The Florida chairman of the Democratic Veterans Affairs Committee had borrowed $200 from friends and bet it at 7 1/2 to 1 odds in New York, to collect $1,500 he needed for campaign expenses on behalf of the President. The Republicans wound up paying for it.

U.S. Assistant Attorney General Vincent Quinn of New York had been charged by HUAC members with not actively prosecuting alleged Communists working in the Government. Mr. Quinn had run for Congress and won, while two HUAC members who criticized him lost.

Marquis Childs tells of a change in Russian strategy evidenced by a statement by Josef Stalin regarding peace, a statement after the election by V. M. Molotov that the Republican defeat was the defeat of those who wanted war, and the Soviet newspapers grabbing onto a rumor, though unfounded, that the President might meet Stalin in Moscow.

Behind this new strategy might be the realization that Soviet policy previously had led only to greater preparation for defense by the U.S. rather than apathy as hoped. If Foreign Commissar Molotov had elected to participate in the Marshall Plan in mid-1947, as was his option, the Russians might have been able to undermine it from within. The blockade of Berlin had backfired, not forcing out the West.

Pro-Communist Johannes Steel had visited the Soviet satellite countries and distributed his monthly newsletter titled, "Report on World Affairs", in which he had said that it was not likely that there would be war with Russia anytime in the ensuing two years.

It was, however, unlikely that the Soviet harassment in Berlin and elsewhere would cease. The Kremlin would be ready to exploit American mistakes, one of which was, he opines, the decision to turn the Ruhr industrial area back to German ownership, contrary to the predominant Western European will on the matter.
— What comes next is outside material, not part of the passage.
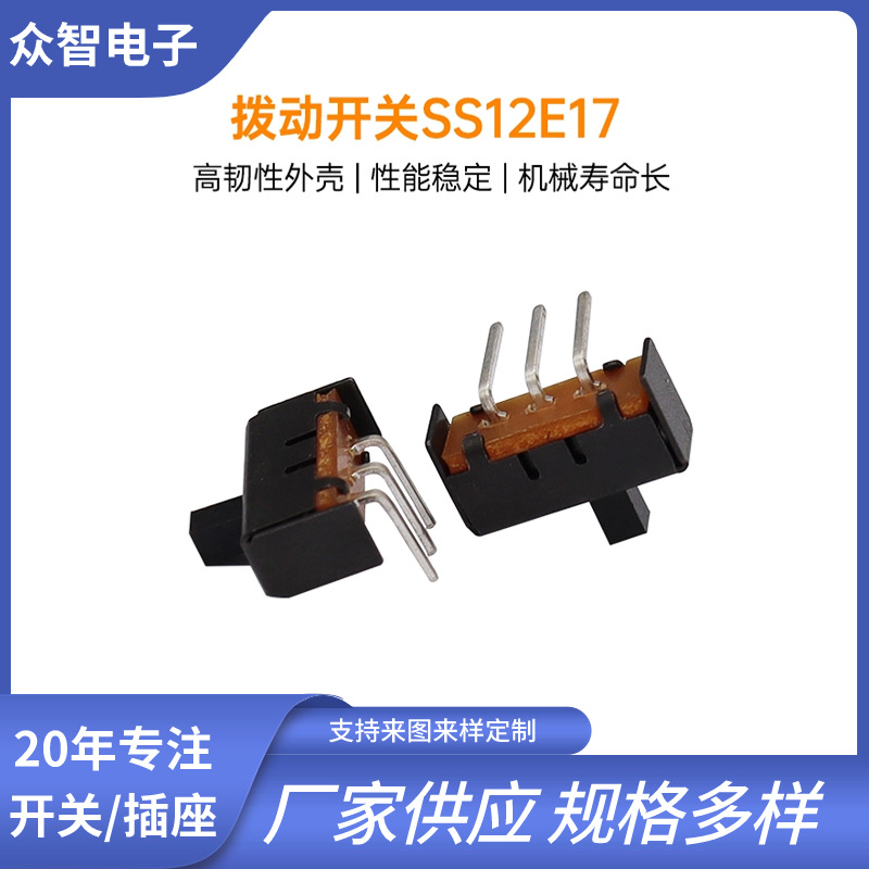 > 直供1P2T立式弯角曲脚滑动开关SS-12E17黑色单排2档3脚拨动开关

That move provided propaganda to the Soviets, as many people were beginning to believe that too much control was being returned to Germans who might use it to wage another aggressive war.

Joseph & Stewart Alsop relate that the German Communist Party leaders had sent a letter to Marshal Sokolovsky, Russian military commander for the East German occupation zone, urging ending of the blockade, while professing continued loyalty to Moscow. The letter had not been received well and four of the Communist leaders had been jailed. The leaders had been labeled by Marshal Sokolovsky "narrow nationalists". The two principal leaders had been allowed to retain their positions only because purging of them would have created an uproar.

A similar situation existed in France where the Communist leader was distrusted by Moscow for exhibiting the same kind of nationalism. In that case, the leadership of the party had been transferred to two individuals more amicable to the Moscow line. As in Germany, the French Communists were displeased with the Soviet foreign policy, aiming to destroy the Marshall Plan and wreck recovery.

A letter from the Community Chest campaign chairman thanks the newspaper for its support in the drive. He notes that while the drive fell short of its goal by eight percent, it collected more in peacetime than ever before.

A Quote of the Day: "We wonder if our city authorities have ever considered putting zippers on our downtown sidewalks. This annual business of drilling holes through the cement for the accommodation of flag poles must be building up a sizable cost bill as the years unfold. And then it must be quite a job to fill the holes with cement after the parade has passed." –Oklahoma City Daily Oklahoman

Zipper? All you need is one of those little brass cups with a threaded cap on it, and a special tool to screw it in and screw it out. Or, you could put the whole city on a turntable and rotate the holes around the poles each year.